For an article to acquire a high Medium readership, a good hook sure helps. As a Medium contributor trying to get some attention for my alternative system of governance, I’m interested in how to construct a good hook. Ms. Borysenko's article has done well, so I tried to analyze her hook. She used: “I think those of us on the left need to take a long look in the mirror and have an honest conversation about what’s going on.” This is good, but I’m not sure why this hook worked so well. But it did.

Beyond the hook, the power of this article is its brute honesty. Ms. Borysenko is fully displaying her inner conflicts as she travels down a road to help her understand “the other side.” This is a road not taken by too many American voters these days, and we should commend her for sharing her journey with us. Her article will help Americans far better understand America than anything from CNN or Foxx News or Facebook.

In reading the article, I could not help but feel the similarities to what when one goes through when changing religions. To change from, say Catholic to Protestant, or say Christian to Muslim, requires an immense shift in life values. First the individual must overcome the immense ties that have defined the individual’s past. It is very difficult to reach the conclusion that a former religion is no longer right, especially when much of one’s social and family circles are of same religion or have accepted your previous religious position as part of your character.

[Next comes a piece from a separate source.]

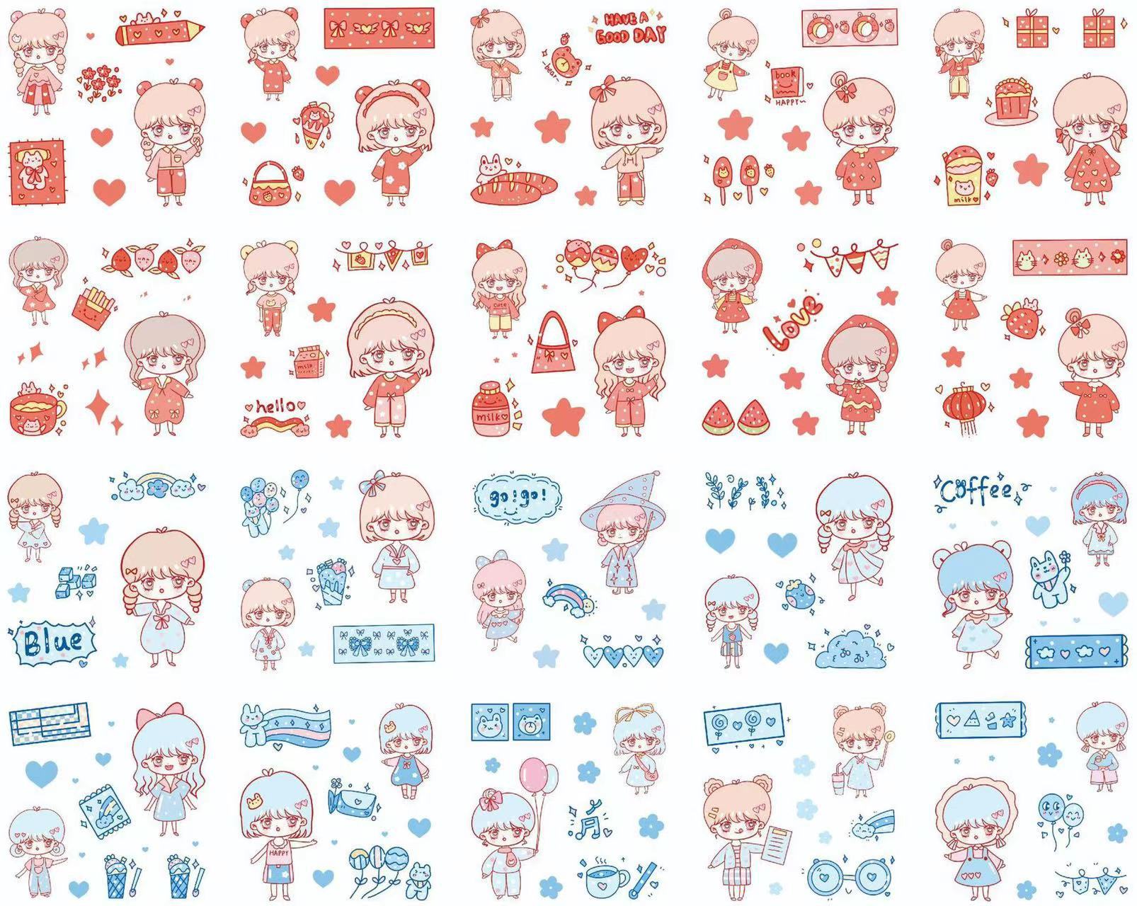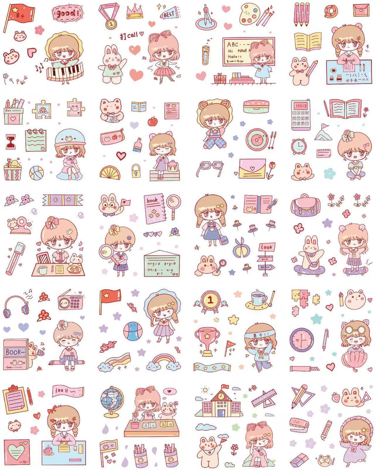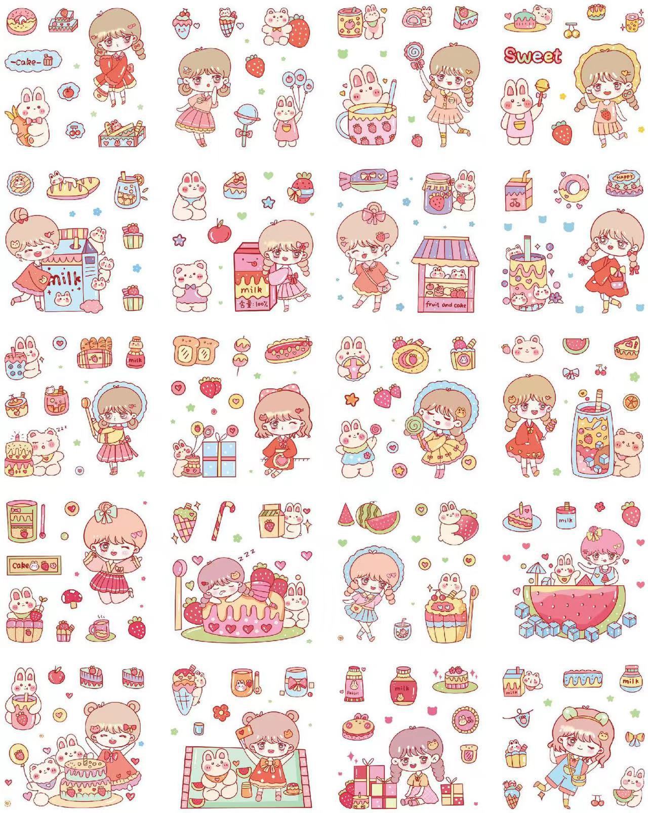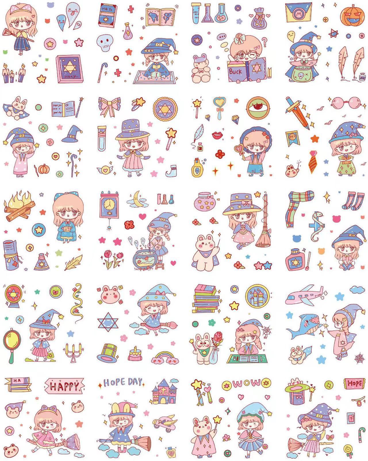 Cute Cartoon 100 hojas en caja pegatinas de cuentas de mano para niños creativos pegatinas de cuentas de mano pvc juego de pegatinas de tarjetas gu al por mayor

Abandoning your religion often means losing respect from important people in your life. And then there is the jump to a new religion, which has the risk that it might take a year to understand that it too is not right for the individual. Then comes the choice to abandon again or to rationalize staying. I saw Ms. Borysenko undergoing a similar conversion process with her change in politics. Such personal changes do send shock waves through one’s psyche.

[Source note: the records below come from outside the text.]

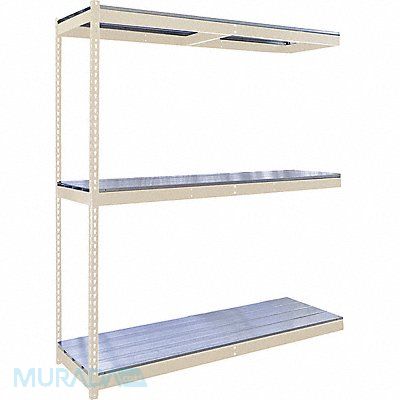 Boltless Shelving Channel Overall Depth 48 in Overall Height 84 in Overall Width 72 in Shelf Gauge 22 ga Shelf Adjustment Increments 1 1/2 in Steel Steel Steel Center Support Includes Decking Yes Includes Mounting Hardware No 685 lb Whole Unit Load Capacity 2 055 lb Add-On Open Post Gauge 14 ga Number of Shelves 3 Floor Mount Wall Mount Maximum Post Load Capacity 2 055 lb with Beams Evenly Spaced at 42 in Powder Coated Heavy-Duty Tan
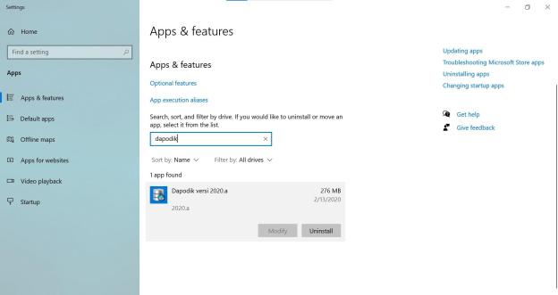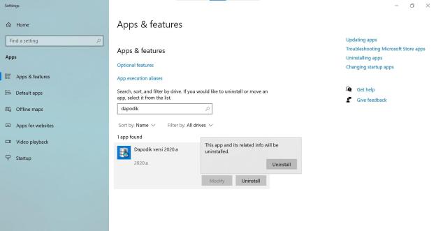 Cari “Dapodik versi 2020.a”, dan klik “Uninstall”
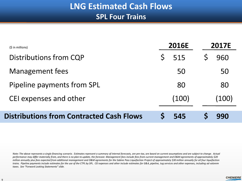 Disbursements G&A Pipeline, tug services and other Cheniere Standalone Cash Projections Before Train 1 Commences Operations Receipts Distributions from CQP (Common/GP) Management fees from CQP/SPLNG Management fees from SPL (15)-0 (1) Estimates represent a summary of internal forecasts for 2013, are based on current assumptions and are subject to change. Actual performance may differ materially from, and there is no plan to update, the forecast. See “Forward Looking Statements” slide. Estimates exclude earnings forecasts from operating and marketing activities. (2) Estimated fees for management services provided by Cheniere to CQP for construction of the liquefaction facilities adjacent to the Sabine Pass LNG terminal, equal to 3% of capital costs as incurred during construction of liquefaction Trains 1 and 2, payable on a monthly basis two months in arrears. Estimated net cash flows, annualized 21 20 30-45(2) 60 25 $ Cash at Cheniere standalone $240 Annualized Estimate (1) Cash balance represents pro forma June 30, 3012, unrestricted cash and equivalents at Cheniere, excluding CQP and subsidiaries Above forecast does not reflect estimated capex requirements of ~$90MM over next few years for CTPL modifications or development costs for Corpus Christi Liquefaction Project $ ($ in millions) 8
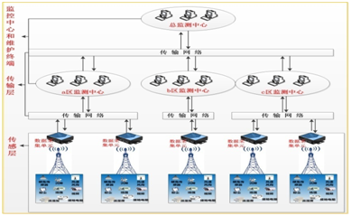 通信塔监测系统采用分层和模块化的设计方式,由传感层、传输层、监控中心和维护终端组成。

I am a former Catholic. Occasionally I do foray into a Mass at a Catholic church. When the congregation is doing its communal “The Lord’s Prayer” right, the unified voices with unified commitment send shivers down my neck. Religions are good at setting the stage for conversions of potential members who are questioning their current values. And religions are also good at setting the stage to re-affirm values of current members so that they are less likely to question them: for example, like being part of a spiritually uplifting communal Lord’s Prayer.

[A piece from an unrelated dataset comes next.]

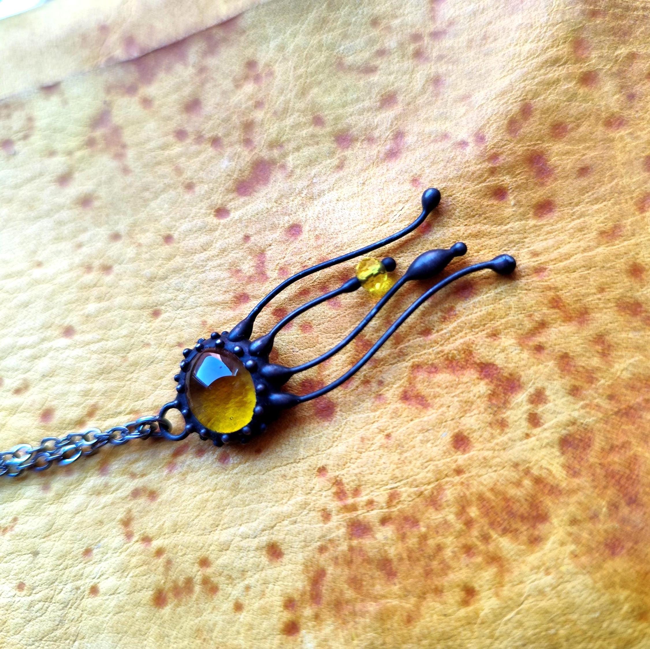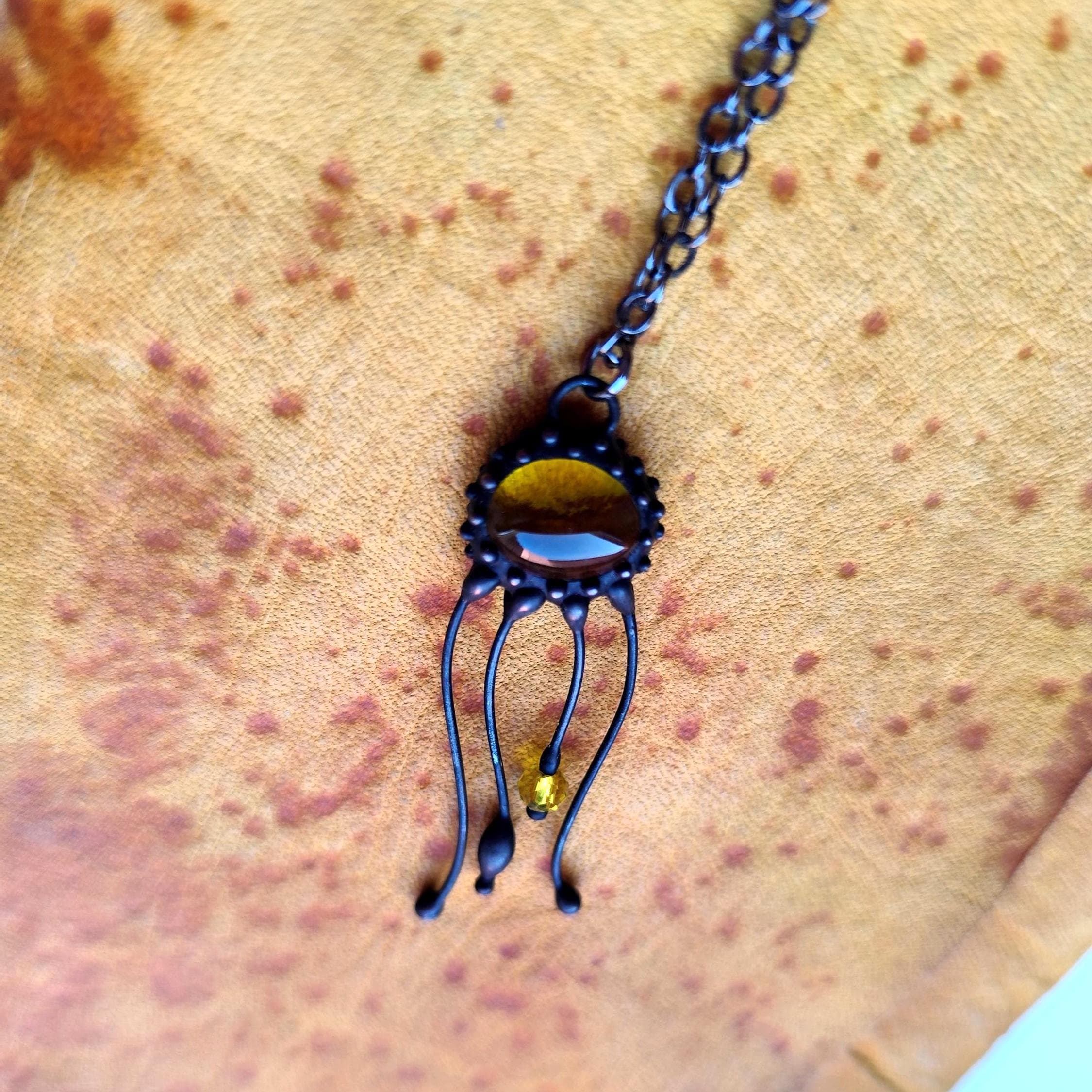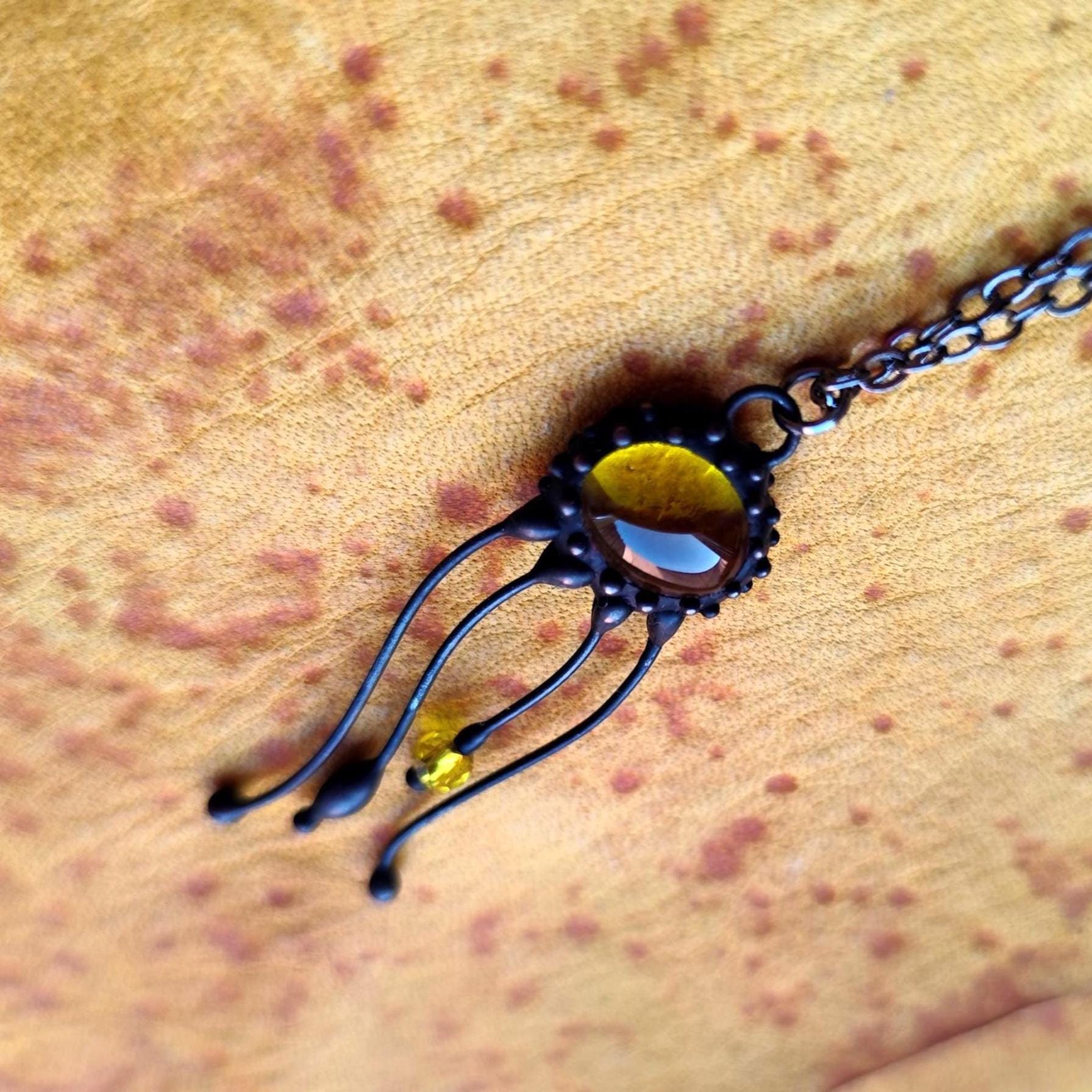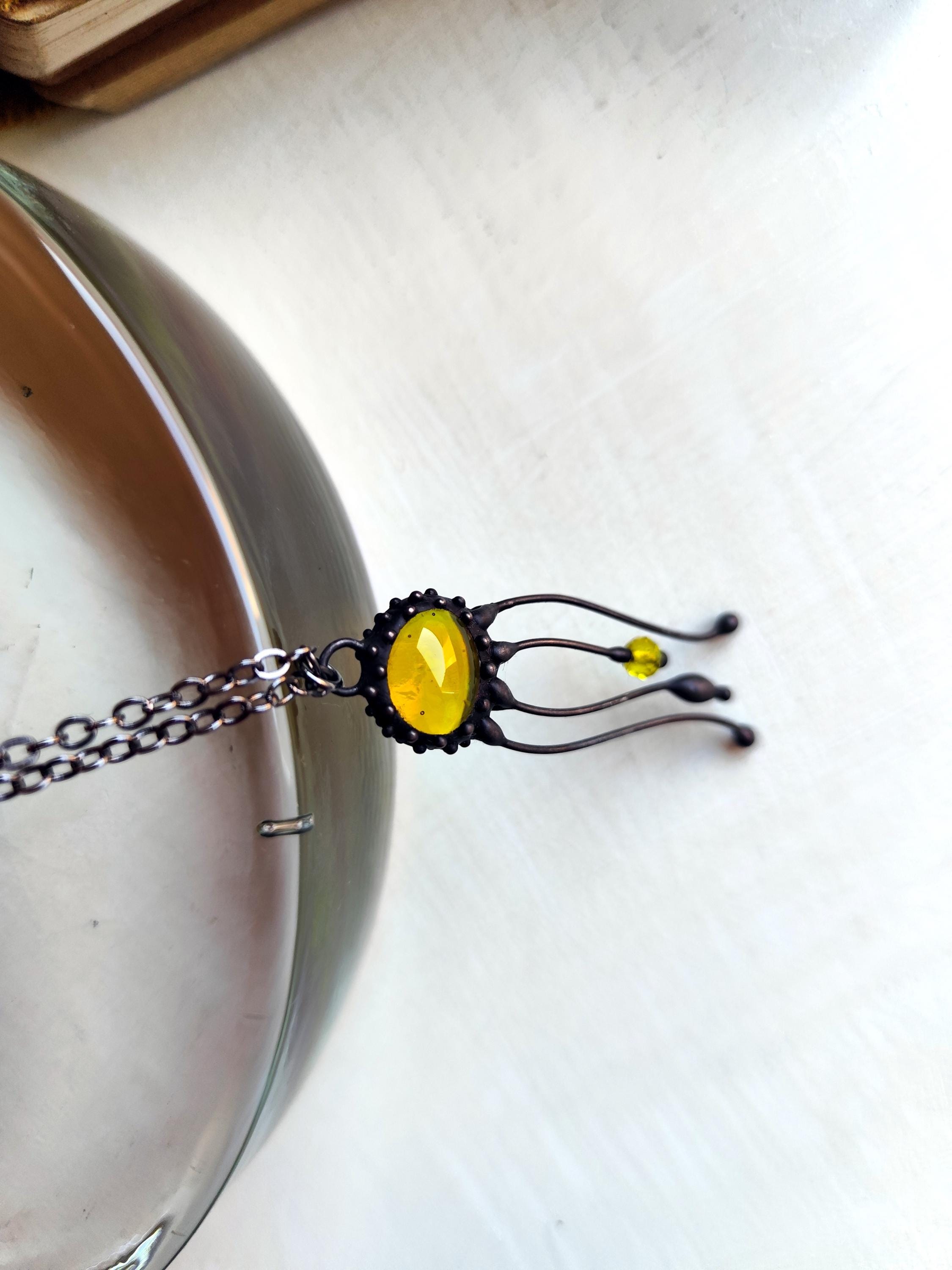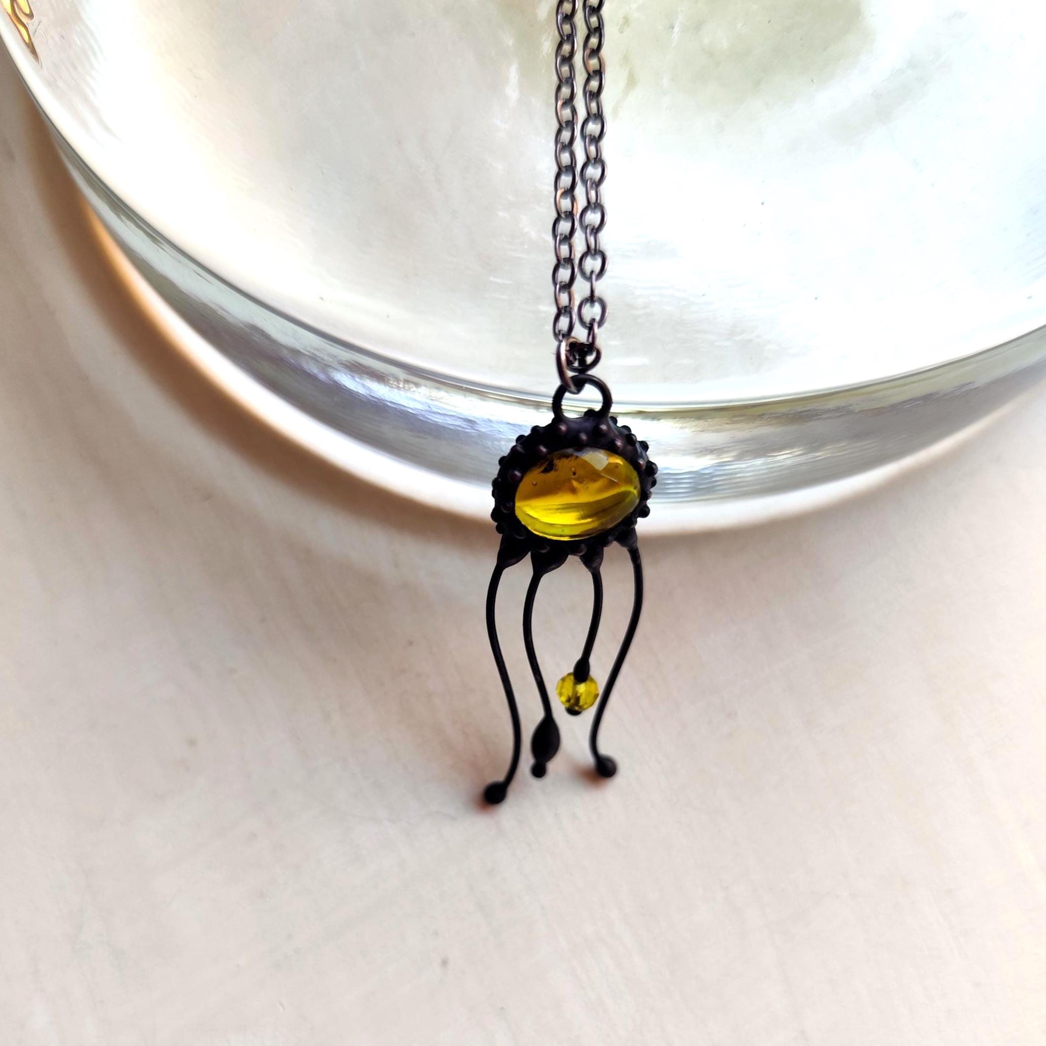 Ocean creatures jellyfish stained glass necklace handcrafted from copper, pewter, steel and yellow glass. This unusual octopus suncatcher pendant is light, sturdy and comfortable to wear. All elements are handmade in the Yadovito workshop, which ensures the individuality of each piece. The copper alloy is covered with patina and polished with a special finishing solution to give the jewelry a noble appearance and protect the metal from oxidizing. Size approx. 4.5 × 1 cm (1.8 × 0.4 in). Color: black and yellow.

Politics is not that much different. Political rallies use lots of emotional techniques to re-affirm the supporters and to sway those people on the borderline. If done right, the audiovisual effects set the right tone. Then the collective of the listeners and the pulpit of the main speaker feed neck-shivering vibes into each other. The listeners get their values re-affirmed because the speaker is already saying things they agree with. The speaker is re-affirmed because so many listeners are still listening. Everyone is comforted into continuing to believe in the rightness of the values they currently hold. Everyone goes home happy. Logic and rational thinking seldom play a part in these events.

It was interesting reading the comments on Ms. Borysenko’s article. Some were insightful and could help us further understand why we are where we are today. But too many were not. There were lots of comments from the conservative lurkers on Medium who do not have the courage to post their own Medium article to explain why they think what they think. These commenters praised Ms. Borysenko for finally understanding the “Trump light,” which is so obvious to anyone with a minimal intelligence. And then there were the far-left commenters who chastised Ms. Borysenko for even thinking about going to a Trump rally, even when she explained to them that the rally was really not full of fascists. Both groups are missing the point of the original article. And unfortunately, both groups have far too much influence in the direction of the USA.

To Ms. Borysenko and others questioning American politics these days, I say let’s look beyond the two religions of “Democrat” and “Republican.” Let’s put trust in ourselves to build a new system of governance, just like the founding fathers of 1789. Maybe it is time for a new political religion: a religion where we learn how to get along a lot better.